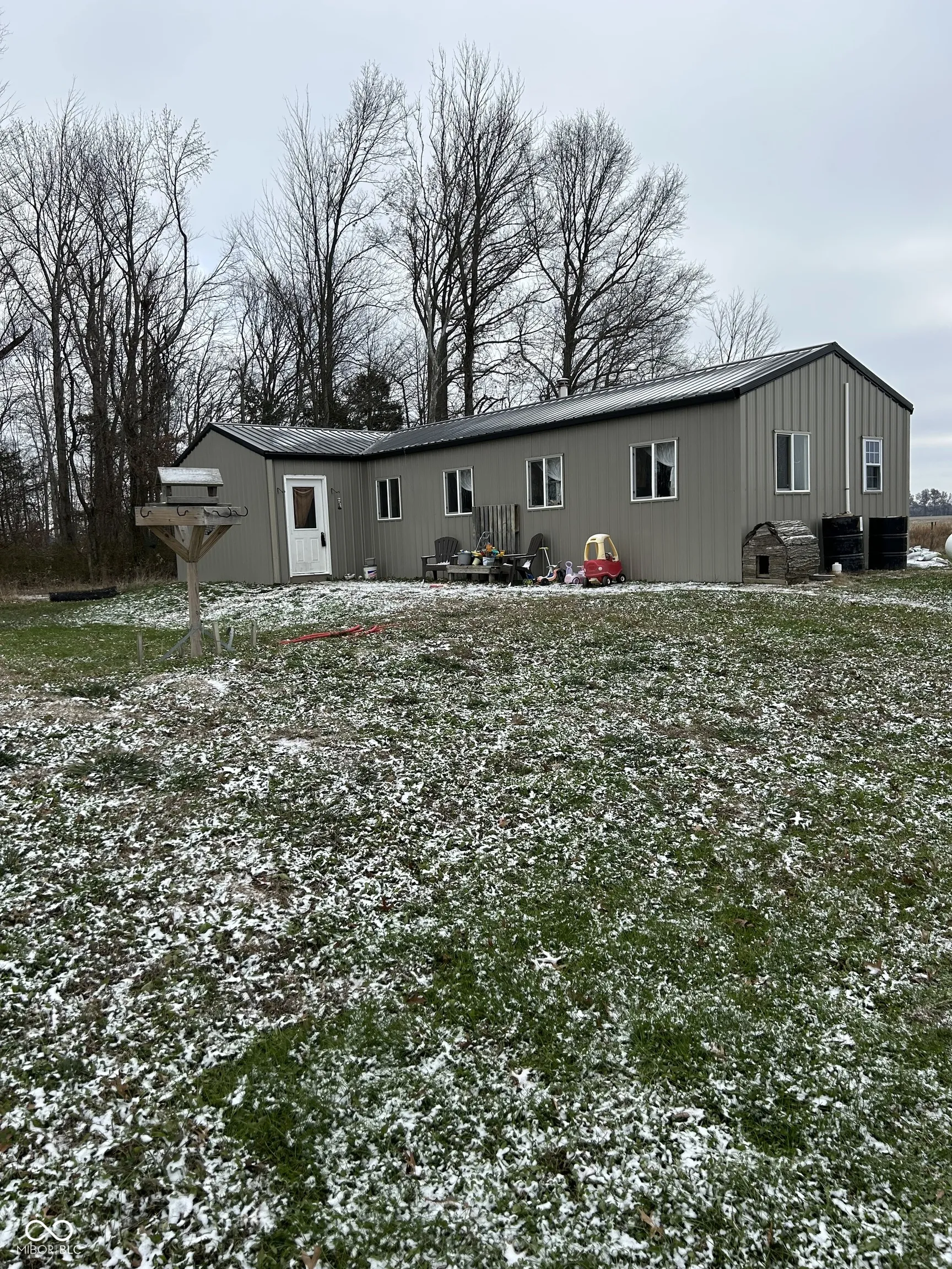 Welcome to the country! This 1 bedroom, 1 full bath home is surrounding by farm fields. It sits on 7.73 acres. The home could be utilized as a 2 bedroom. All is needed is to add a window to the office. There is no electric installed, but this could easily be added; No drywall, but is insulated well. The property has its own septic and rural water. While it’s being sold As-Is, it has lots of potential for someone to finish and make it their own cozy home.
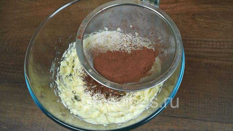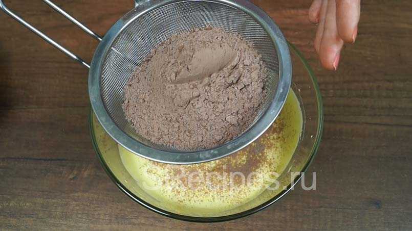 Затем, просеивая добавить муку с какао и хорошо перемешать. Добавить оставшиеся белки и так же хорошо, но аккуратно перемешать.
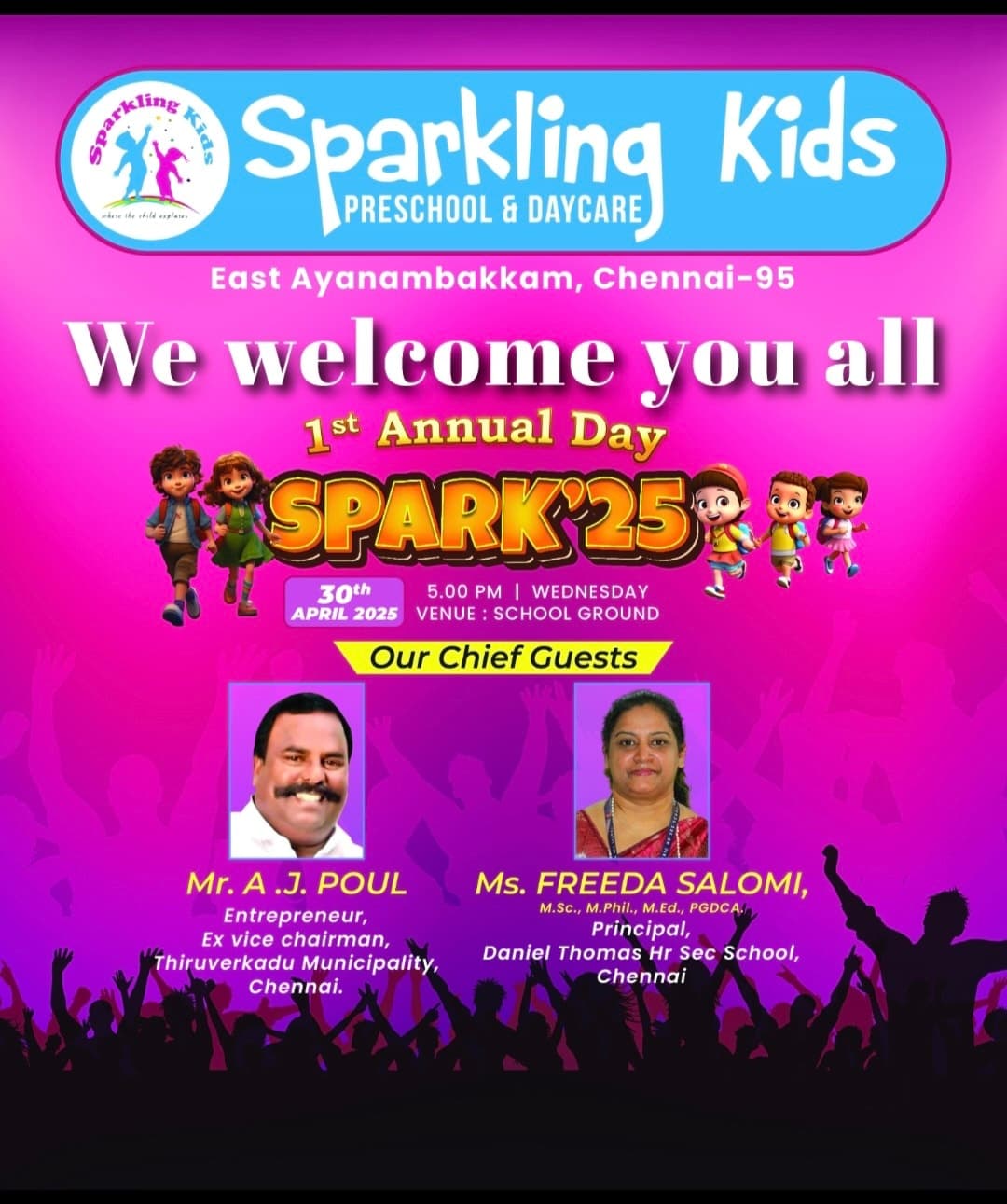 Sparkling Kids Pre School & Day Care is a small, community-based preschool in Ayanambakkam.
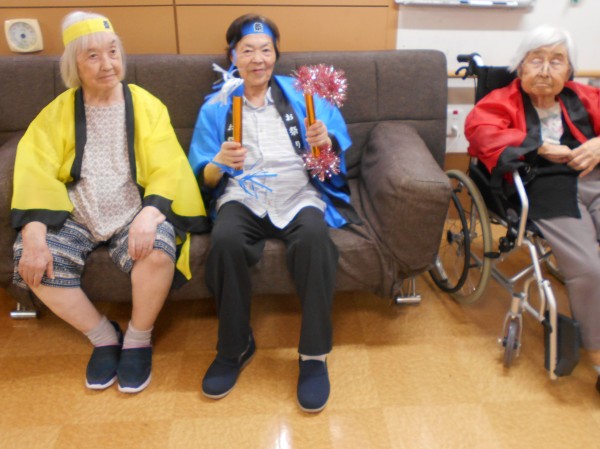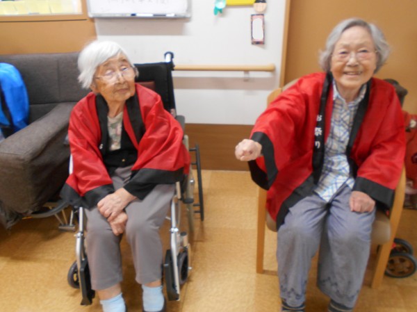 車椅子のご利用者様も、お面??を被ったスタッフと一緒に参加しました~♪♪
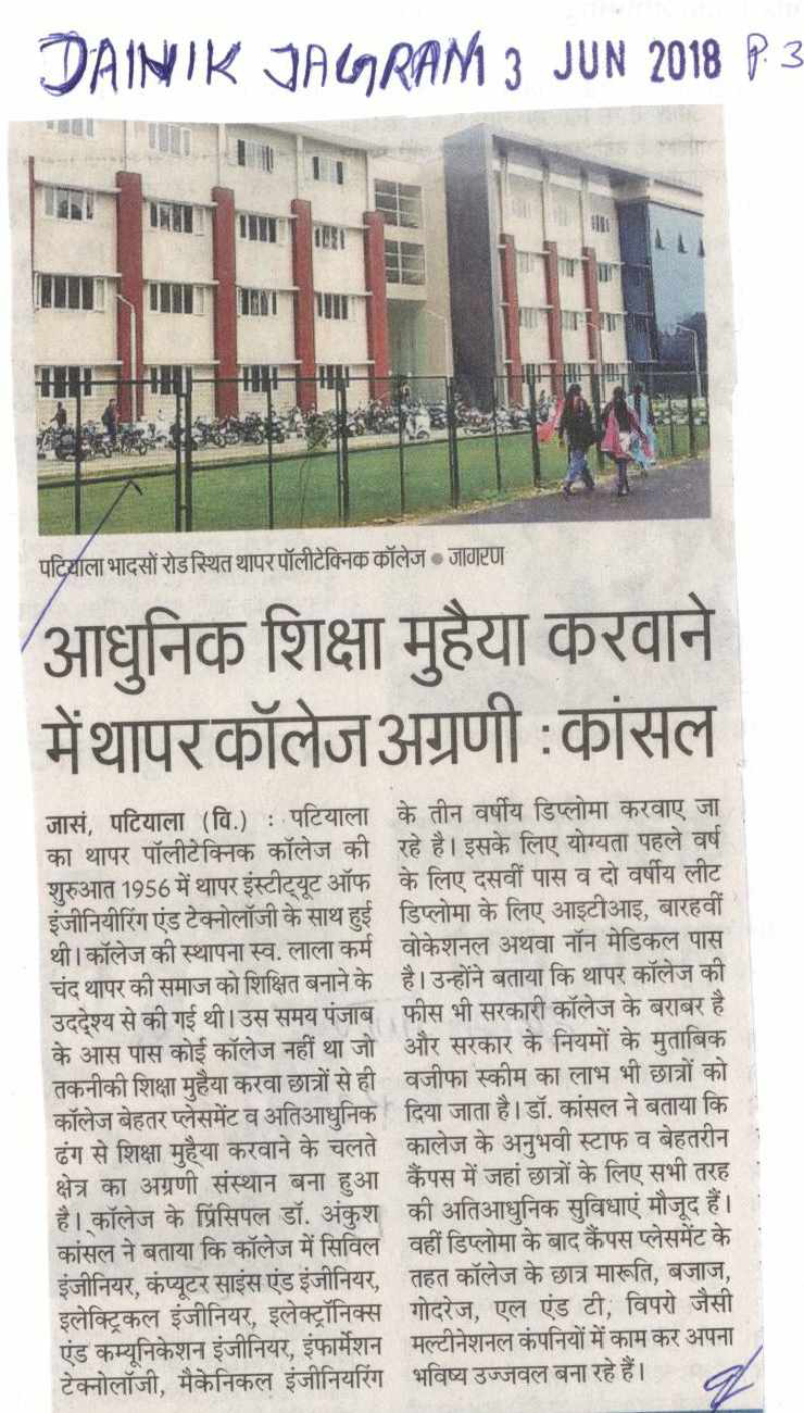 आधुनिक शिक्षा मुहैया करवाने में थापर कॉलेज अग्रणी : कांसल
------------------------------------
:: HOW TO COMPLETE THIS TASK ::
Copy only the part of the records that runs from the first line to the line with "Sparkling Kids Pre", ends included, leaving pictures out.

:: RESULT ::
 Welcome to the country! This 1 bedroom, 1 full bath home is surrounding by farm fields. It sits on 7.73 acres. The home could be utilized as a 2 bedroom. All is needed is to add a window to the office. There is no electric installed, but this could easily be added; No drywall, but is insulated well. The property has its own septic and rural water. While it’s being sold As-Is, it has lots of potential for someone to finish and make it their own cozy home.
 Затем, просеивая добавить муку с какао и хорошо перемешать. Добавить оставшиеся белки и так же хорошо, но аккуратно перемешать.
 Sparkling Kids Pre School & Day Care is a small, community-based preschool in Ayanambakkam.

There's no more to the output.